What you return must be the lines of the data that hold the word "with".

**ENTRIES SUPPLIED**
___

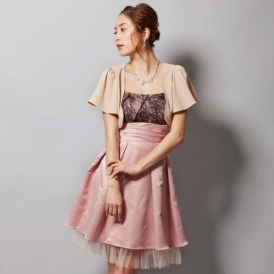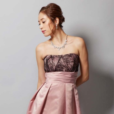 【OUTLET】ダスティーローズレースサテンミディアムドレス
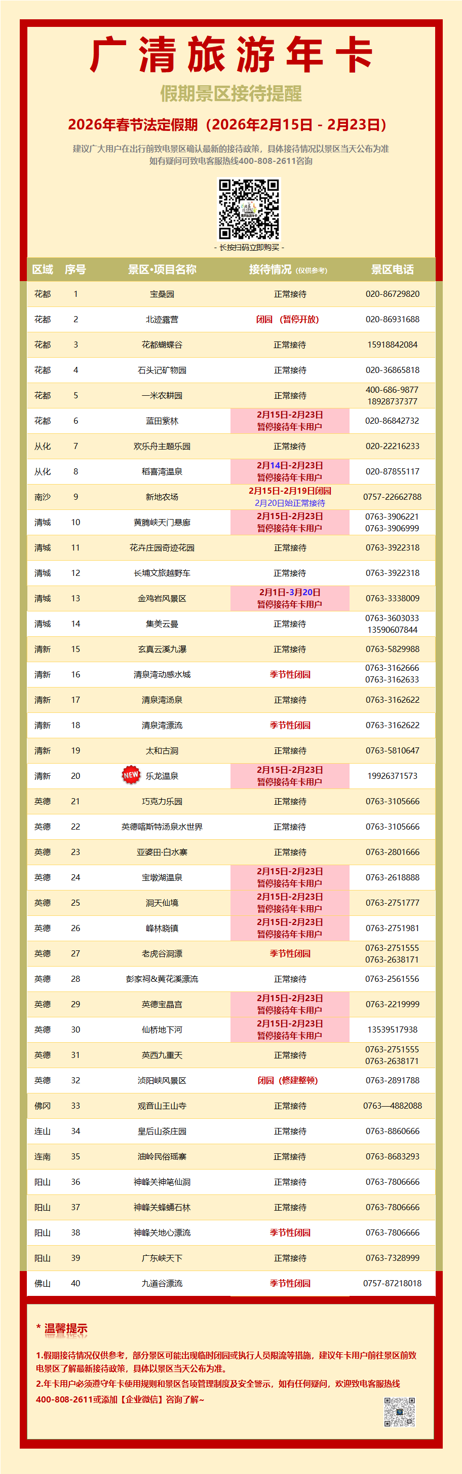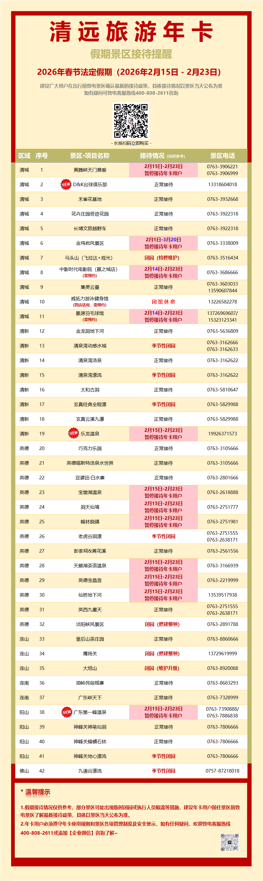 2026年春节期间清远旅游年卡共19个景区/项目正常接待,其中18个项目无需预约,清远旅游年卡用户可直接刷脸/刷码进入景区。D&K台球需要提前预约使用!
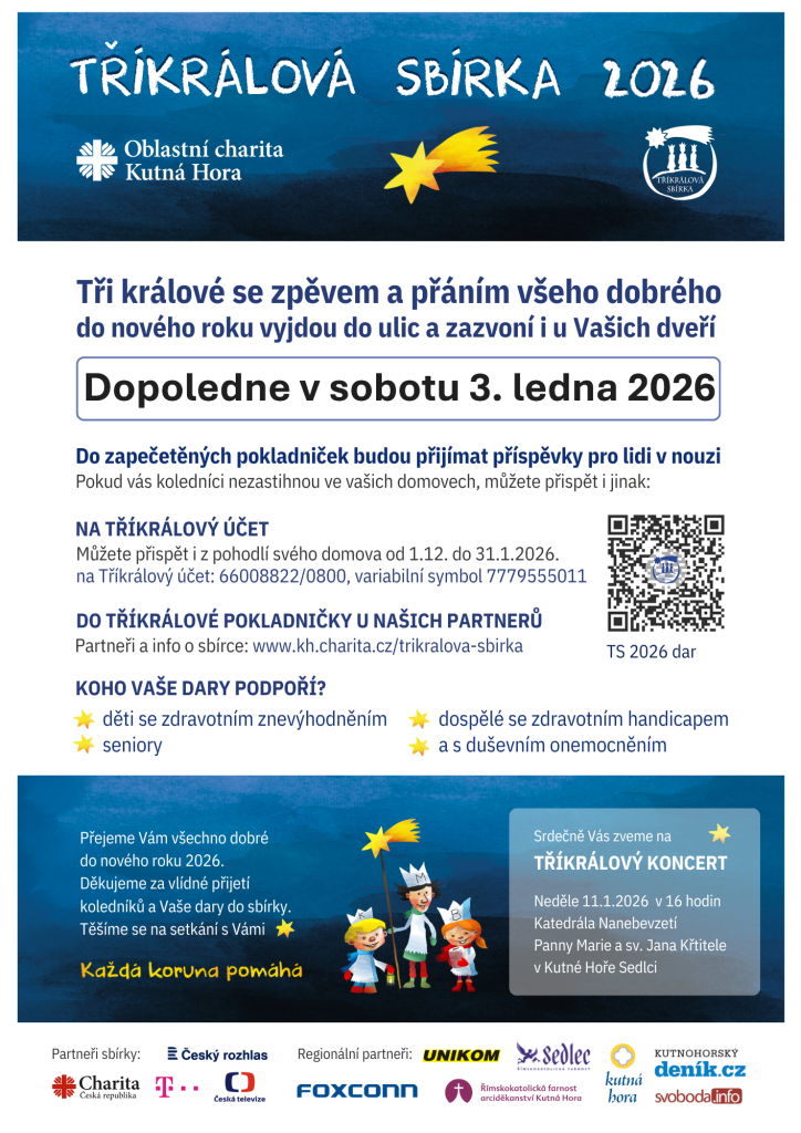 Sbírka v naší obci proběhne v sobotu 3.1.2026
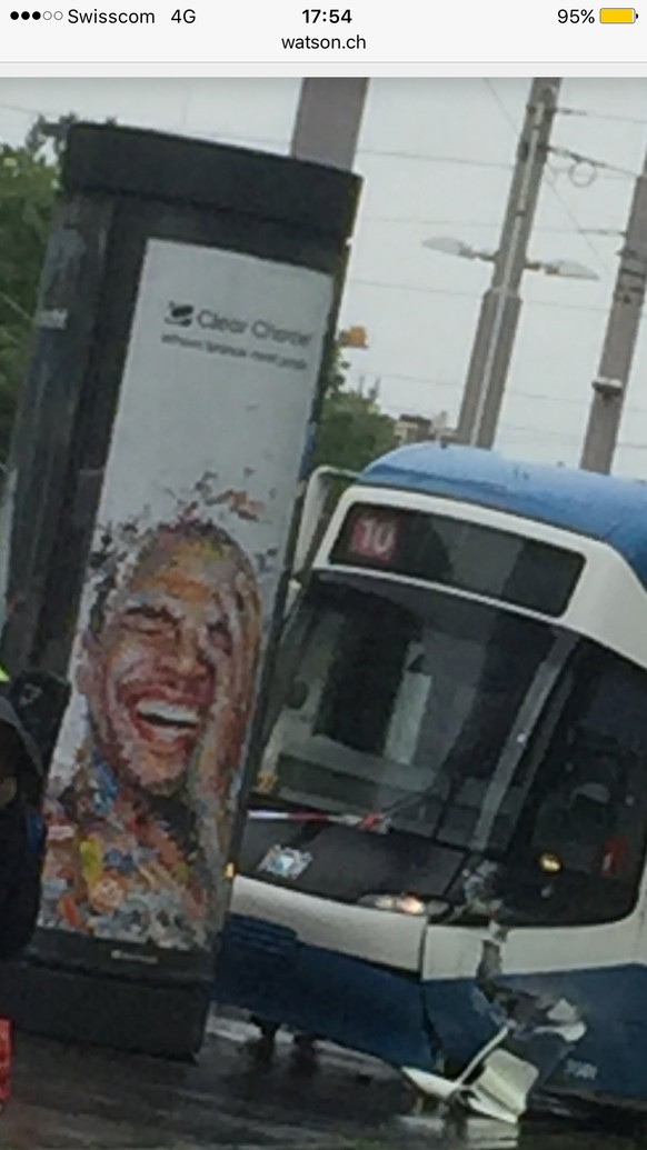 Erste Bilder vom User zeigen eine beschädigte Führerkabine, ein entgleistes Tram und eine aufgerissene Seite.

___

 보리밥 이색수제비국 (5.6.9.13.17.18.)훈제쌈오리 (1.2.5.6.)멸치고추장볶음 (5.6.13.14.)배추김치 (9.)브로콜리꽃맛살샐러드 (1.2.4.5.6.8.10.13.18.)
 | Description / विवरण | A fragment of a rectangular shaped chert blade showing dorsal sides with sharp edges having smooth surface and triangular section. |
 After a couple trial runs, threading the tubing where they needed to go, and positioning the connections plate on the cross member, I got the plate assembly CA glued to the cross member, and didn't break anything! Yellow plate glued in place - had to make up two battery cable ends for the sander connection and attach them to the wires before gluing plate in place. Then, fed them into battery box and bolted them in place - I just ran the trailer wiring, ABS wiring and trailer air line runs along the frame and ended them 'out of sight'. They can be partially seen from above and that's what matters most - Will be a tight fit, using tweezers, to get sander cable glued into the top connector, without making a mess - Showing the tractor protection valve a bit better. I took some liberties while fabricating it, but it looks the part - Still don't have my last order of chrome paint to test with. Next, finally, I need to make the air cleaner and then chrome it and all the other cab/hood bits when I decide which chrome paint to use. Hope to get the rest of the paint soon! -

___

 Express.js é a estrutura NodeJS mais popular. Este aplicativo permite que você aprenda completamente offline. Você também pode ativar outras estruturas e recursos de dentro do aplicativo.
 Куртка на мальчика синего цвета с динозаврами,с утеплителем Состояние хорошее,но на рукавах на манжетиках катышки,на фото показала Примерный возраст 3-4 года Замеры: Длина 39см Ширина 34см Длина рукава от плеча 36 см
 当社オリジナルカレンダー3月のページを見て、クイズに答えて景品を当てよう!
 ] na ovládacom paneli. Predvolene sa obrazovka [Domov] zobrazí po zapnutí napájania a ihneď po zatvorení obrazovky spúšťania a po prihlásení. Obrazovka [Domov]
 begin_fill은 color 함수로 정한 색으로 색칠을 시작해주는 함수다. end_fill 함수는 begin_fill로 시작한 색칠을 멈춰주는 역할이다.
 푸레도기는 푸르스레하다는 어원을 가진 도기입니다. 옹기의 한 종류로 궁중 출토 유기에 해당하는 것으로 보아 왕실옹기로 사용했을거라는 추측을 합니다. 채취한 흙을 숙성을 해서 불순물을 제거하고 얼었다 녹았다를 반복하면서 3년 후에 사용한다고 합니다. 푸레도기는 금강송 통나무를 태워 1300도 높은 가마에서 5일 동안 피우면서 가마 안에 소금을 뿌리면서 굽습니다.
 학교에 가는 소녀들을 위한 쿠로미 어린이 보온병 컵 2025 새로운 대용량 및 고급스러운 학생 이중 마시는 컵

___

**RESULT OF THE TASK**
 | Description / विवरण | A fragment of a rectangular shaped chert blade showing dorsal sides with sharp edges having smooth surface and triangular section. |
 After a couple trial runs, threading the tubing where they needed to go, and positioning the connections plate on the cross member, I got the plate assembly CA glued to the cross member, and didn't break anything! Yellow plate glued in place - had to make up two battery cable ends for the sander connection and attach them to the wires before gluing plate in place. Then, fed them into battery box and bolted them in place - I just ran the trailer wiring, ABS wiring and trailer air line runs along the frame and ended them 'out of sight'. They can be partially seen from above and that's what matters most - Will be a tight fit, using tweezers, to get sander cable glued into the top connector, without making a mess - Showing the tractor protection valve a bit better. I took some liberties while fabricating it, but it looks the part - Still don't have my last order of chrome paint to test with. Next, finally, I need to make the air cleaner and then chrome it and all the other cab/hood bits when I decide which chrome paint to use. Hope to get the rest of the paint soon! -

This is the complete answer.